*** Data records

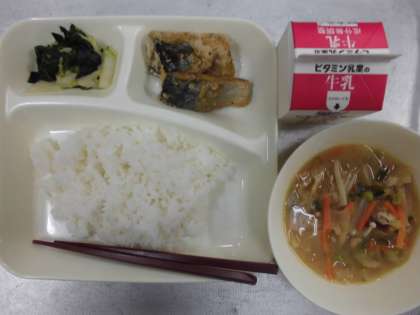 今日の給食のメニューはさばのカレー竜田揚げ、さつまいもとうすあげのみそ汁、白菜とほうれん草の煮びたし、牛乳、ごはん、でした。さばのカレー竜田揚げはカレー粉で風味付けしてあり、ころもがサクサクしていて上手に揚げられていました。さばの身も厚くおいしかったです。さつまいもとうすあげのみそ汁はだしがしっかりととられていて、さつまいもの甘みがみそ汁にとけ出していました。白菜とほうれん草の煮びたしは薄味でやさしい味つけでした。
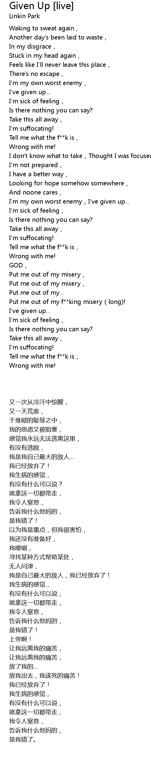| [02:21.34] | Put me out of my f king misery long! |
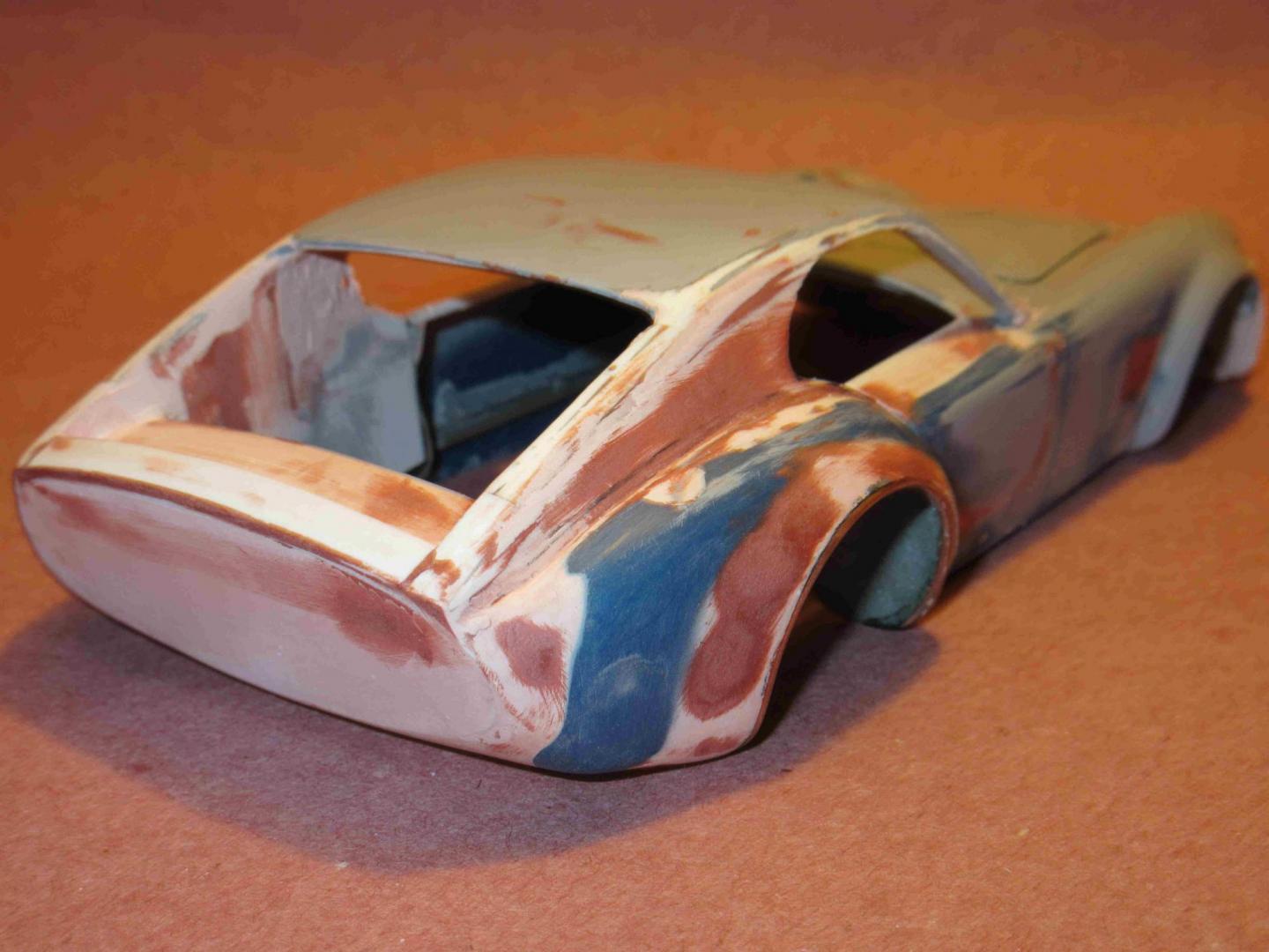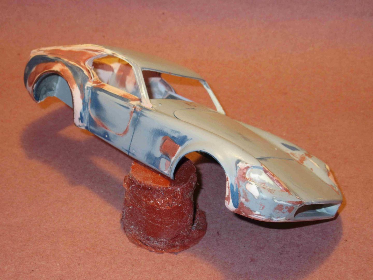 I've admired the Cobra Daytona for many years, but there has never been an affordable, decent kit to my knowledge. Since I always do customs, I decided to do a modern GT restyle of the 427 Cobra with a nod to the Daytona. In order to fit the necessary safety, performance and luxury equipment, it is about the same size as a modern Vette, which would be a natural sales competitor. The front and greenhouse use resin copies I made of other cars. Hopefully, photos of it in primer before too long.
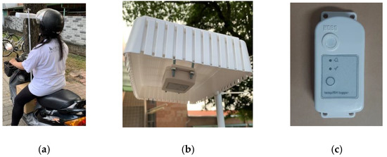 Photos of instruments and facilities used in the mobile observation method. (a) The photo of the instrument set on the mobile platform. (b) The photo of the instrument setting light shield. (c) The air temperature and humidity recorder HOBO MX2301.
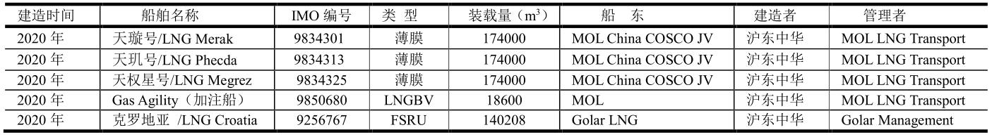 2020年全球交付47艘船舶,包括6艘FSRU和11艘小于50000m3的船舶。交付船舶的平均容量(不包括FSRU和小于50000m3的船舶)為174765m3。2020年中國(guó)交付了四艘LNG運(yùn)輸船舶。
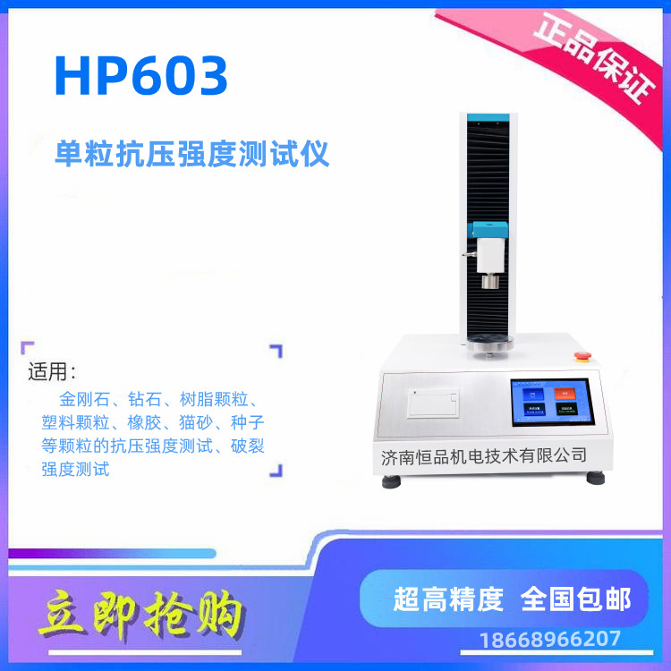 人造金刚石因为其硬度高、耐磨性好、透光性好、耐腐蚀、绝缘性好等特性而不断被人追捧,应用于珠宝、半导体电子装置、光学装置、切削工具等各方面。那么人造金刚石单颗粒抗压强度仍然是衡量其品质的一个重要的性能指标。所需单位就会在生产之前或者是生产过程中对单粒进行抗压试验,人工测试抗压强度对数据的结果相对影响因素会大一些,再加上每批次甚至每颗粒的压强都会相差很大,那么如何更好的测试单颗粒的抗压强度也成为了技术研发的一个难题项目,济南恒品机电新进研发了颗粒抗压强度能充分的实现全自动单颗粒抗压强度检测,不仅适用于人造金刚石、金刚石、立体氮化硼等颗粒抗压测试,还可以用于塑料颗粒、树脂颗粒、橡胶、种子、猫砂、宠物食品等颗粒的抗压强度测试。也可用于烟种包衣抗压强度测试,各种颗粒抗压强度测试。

******
*** Data records

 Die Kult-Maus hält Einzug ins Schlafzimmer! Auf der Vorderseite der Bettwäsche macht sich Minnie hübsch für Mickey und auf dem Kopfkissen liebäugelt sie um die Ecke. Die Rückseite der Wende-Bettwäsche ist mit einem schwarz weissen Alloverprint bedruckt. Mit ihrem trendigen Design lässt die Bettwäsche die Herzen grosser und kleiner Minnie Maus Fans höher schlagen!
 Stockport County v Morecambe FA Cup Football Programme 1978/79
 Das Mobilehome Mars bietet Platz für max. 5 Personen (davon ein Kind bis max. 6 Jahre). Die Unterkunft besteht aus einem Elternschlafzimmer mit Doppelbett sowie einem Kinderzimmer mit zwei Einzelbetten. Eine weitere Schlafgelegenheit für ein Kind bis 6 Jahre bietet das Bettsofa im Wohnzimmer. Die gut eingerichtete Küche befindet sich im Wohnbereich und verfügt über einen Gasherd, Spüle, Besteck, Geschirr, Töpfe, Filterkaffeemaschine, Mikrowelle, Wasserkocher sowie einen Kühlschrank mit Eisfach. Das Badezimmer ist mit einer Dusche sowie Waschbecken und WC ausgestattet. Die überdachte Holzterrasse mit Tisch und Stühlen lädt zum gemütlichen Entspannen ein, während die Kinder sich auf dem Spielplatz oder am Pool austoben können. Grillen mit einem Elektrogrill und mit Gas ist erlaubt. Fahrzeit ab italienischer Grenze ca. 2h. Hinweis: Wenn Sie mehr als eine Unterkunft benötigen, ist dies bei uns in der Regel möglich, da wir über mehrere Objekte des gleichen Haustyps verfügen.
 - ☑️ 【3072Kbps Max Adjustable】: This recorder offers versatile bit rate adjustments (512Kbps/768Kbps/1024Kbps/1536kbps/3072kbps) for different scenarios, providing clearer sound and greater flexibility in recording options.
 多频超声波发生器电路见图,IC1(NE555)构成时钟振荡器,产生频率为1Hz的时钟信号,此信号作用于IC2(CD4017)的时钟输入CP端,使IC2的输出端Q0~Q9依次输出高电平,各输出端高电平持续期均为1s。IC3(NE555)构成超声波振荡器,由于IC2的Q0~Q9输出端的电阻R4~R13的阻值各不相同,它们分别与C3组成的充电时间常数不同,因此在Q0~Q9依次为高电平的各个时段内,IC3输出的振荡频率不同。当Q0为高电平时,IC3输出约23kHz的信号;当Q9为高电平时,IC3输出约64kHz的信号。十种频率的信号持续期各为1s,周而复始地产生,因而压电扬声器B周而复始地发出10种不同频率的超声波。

******
*** Data records

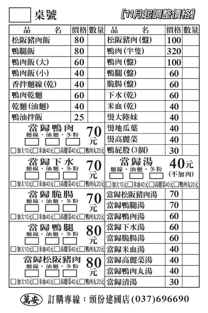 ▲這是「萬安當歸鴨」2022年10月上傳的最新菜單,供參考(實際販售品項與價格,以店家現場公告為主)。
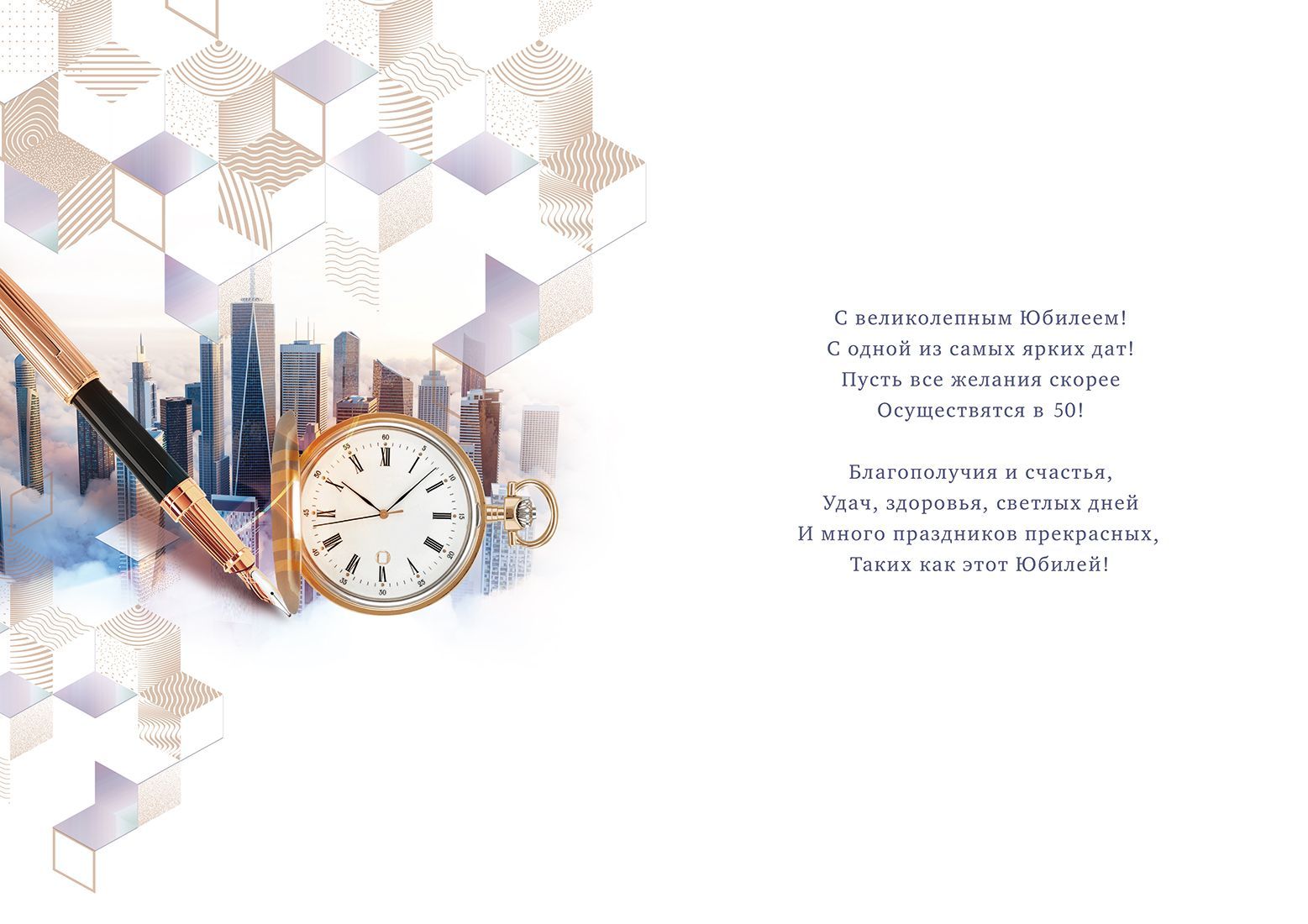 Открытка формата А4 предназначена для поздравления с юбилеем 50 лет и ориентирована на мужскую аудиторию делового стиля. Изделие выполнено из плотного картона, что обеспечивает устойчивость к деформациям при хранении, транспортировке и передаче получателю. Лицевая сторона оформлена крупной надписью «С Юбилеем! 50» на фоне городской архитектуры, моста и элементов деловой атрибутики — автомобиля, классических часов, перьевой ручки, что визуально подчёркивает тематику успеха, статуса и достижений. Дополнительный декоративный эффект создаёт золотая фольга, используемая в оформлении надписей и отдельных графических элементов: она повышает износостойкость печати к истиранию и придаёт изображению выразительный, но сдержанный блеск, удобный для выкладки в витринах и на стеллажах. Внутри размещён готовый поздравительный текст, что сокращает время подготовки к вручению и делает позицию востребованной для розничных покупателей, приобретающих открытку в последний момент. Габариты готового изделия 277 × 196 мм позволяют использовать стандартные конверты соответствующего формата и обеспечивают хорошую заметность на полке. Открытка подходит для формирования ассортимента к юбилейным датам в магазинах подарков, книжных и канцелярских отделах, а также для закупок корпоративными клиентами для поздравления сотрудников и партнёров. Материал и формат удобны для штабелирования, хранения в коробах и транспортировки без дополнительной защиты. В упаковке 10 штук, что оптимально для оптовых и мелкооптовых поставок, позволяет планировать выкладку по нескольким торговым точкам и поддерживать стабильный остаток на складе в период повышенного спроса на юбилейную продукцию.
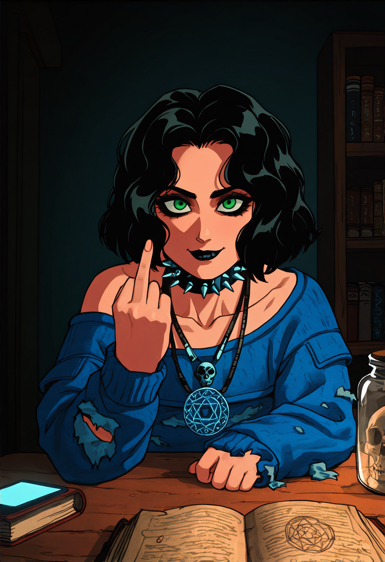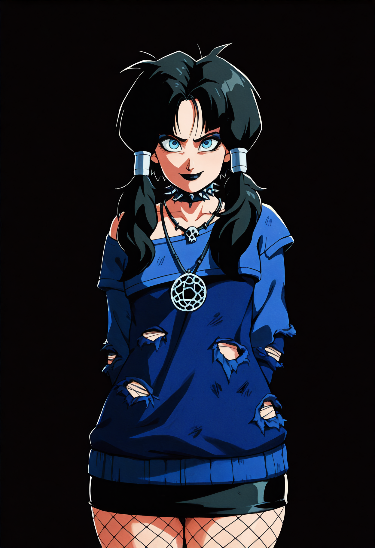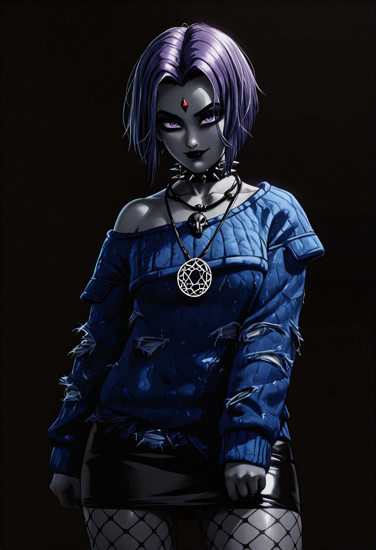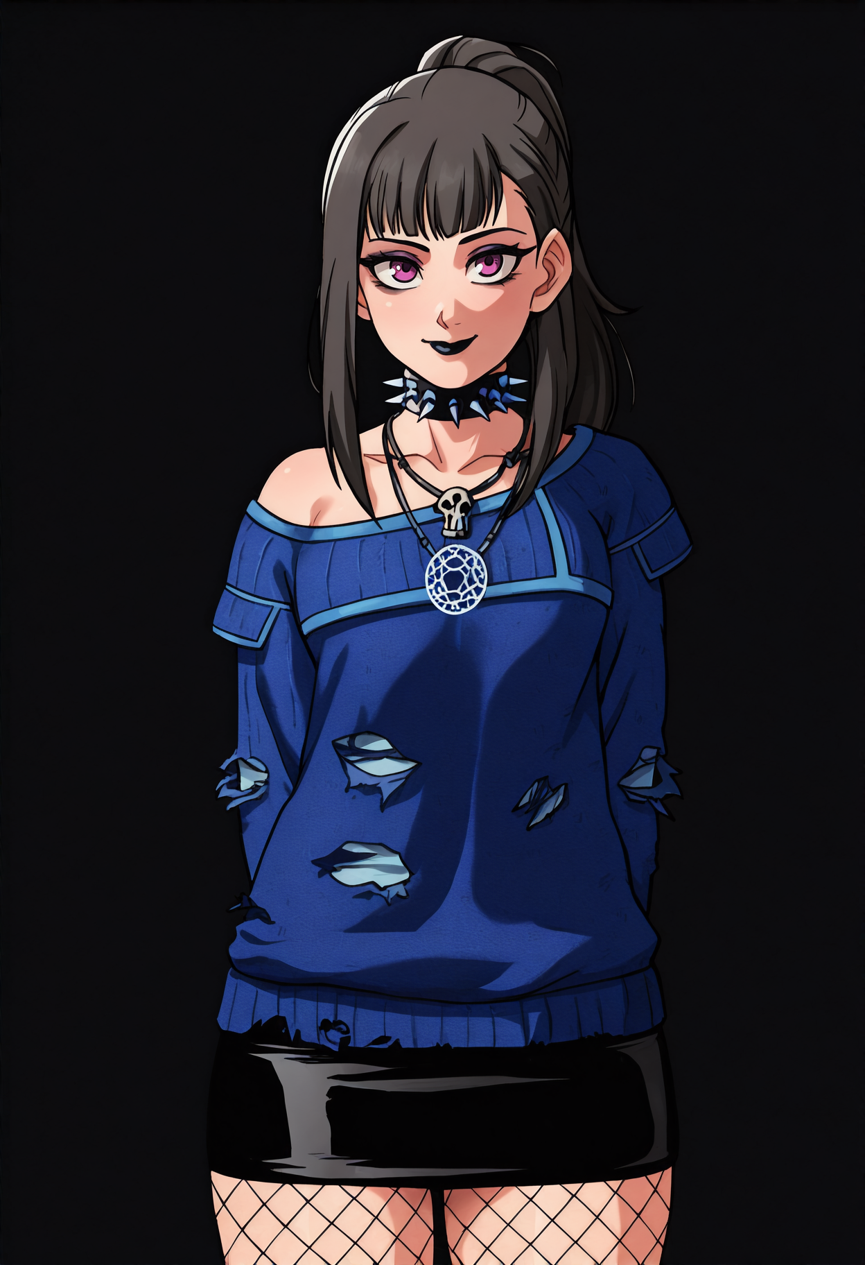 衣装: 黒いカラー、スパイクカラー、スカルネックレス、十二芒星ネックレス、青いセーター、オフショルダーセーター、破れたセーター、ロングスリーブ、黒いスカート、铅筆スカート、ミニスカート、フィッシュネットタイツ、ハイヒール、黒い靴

******

## Assigned task
Report every line of the data in which "sich" appears.

## Result
 Die Kult-Maus hält Einzug ins Schlafzimmer! Auf der Vorderseite der Bettwäsche macht sich Minnie hübsch für Mickey und auf dem Kopfkissen liebäugelt sie um die Ecke. Die Rückseite der Wende-Bettwäsche ist mit einem schwarz weissen Alloverprint bedruckt. Mit ihrem trendigen Design lässt die Bettwäsche die Herzen grosser und kleiner Minnie Maus Fans höher schlagen!
 Das Mobilehome Mars bietet Platz für max. 5 Personen (davon ein Kind bis max. 6 Jahre). Die Unterkunft besteht aus einem Elternschlafzimmer mit Doppelbett sowie einem Kinderzimmer mit zwei Einzelbetten. Eine weitere Schlafgelegenheit für ein Kind bis 6 Jahre bietet das Bettsofa im Wohnzimmer. Die gut eingerichtete Küche befindet sich im Wohnbereich und verfügt über einen Gasherd, Spüle, Besteck, Geschirr, Töpfe, Filterkaffeemaschine, Mikrowelle, Wasserkocher sowie einen Kühlschrank mit Eisfach. Das Badezimmer ist mit einer Dusche sowie Waschbecken und WC ausgestattet. Die überdachte Holzterrasse mit Tisch und Stühlen lädt zum gemütlichen Entspannen ein, während die Kinder sich auf dem Spielplatz oder am Pool austoben können. Grillen mit einem Elektrogrill und mit Gas ist erlaubt. Fahrzeit ab italienischer Grenze ca. 2h. Hinweis: Wenn Sie mehr als eine Unterkunft benötigen, ist dies bei uns in der Regel möglich, da wir über mehrere Objekte des gleichen Haustyps verfügen.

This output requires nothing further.